Available data:
Segment Open
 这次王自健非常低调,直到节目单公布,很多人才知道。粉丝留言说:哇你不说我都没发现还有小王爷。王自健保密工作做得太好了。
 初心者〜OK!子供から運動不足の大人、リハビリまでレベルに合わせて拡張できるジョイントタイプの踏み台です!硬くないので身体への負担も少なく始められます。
Segment Closed
Segment Open
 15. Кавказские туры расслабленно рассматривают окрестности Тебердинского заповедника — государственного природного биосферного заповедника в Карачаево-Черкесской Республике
Segment Closed
Segment Open
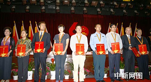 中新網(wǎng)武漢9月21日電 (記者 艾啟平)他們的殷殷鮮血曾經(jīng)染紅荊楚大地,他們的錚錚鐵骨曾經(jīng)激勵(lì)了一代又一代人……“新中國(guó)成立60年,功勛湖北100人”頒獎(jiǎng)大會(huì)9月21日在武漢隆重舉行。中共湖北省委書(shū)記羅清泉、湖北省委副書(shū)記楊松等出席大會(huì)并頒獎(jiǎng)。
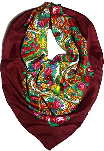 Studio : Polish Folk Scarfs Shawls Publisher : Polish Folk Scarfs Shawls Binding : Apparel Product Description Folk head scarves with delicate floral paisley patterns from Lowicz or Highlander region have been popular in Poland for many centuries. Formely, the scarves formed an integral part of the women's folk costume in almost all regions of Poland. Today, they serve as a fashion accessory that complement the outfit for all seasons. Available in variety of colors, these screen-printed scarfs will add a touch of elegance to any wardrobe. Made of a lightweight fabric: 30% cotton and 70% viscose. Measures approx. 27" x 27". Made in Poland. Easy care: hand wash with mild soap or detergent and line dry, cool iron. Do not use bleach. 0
Segment Closed
What is being asked: Among the entries above, the line containing "这次王自健非常低调,直到节目", the line containing "初心者〜OK!子供から運動不", and all lines between them are to be restated word for word; nothing else belongs in the reply.

Output of the exercise:
 这次王自健非常低调,直到节目单公布,很多人才知道。粉丝留言说:哇你不说我都没发现还有小王爷。王自健保密工作做得太好了。
 初心者〜OK!子供から運動不足の大人、リハビリまでレベルに合わせて拡張できるジョイントタイプの踏み台です!硬くないので身体への負担も少なく始められます。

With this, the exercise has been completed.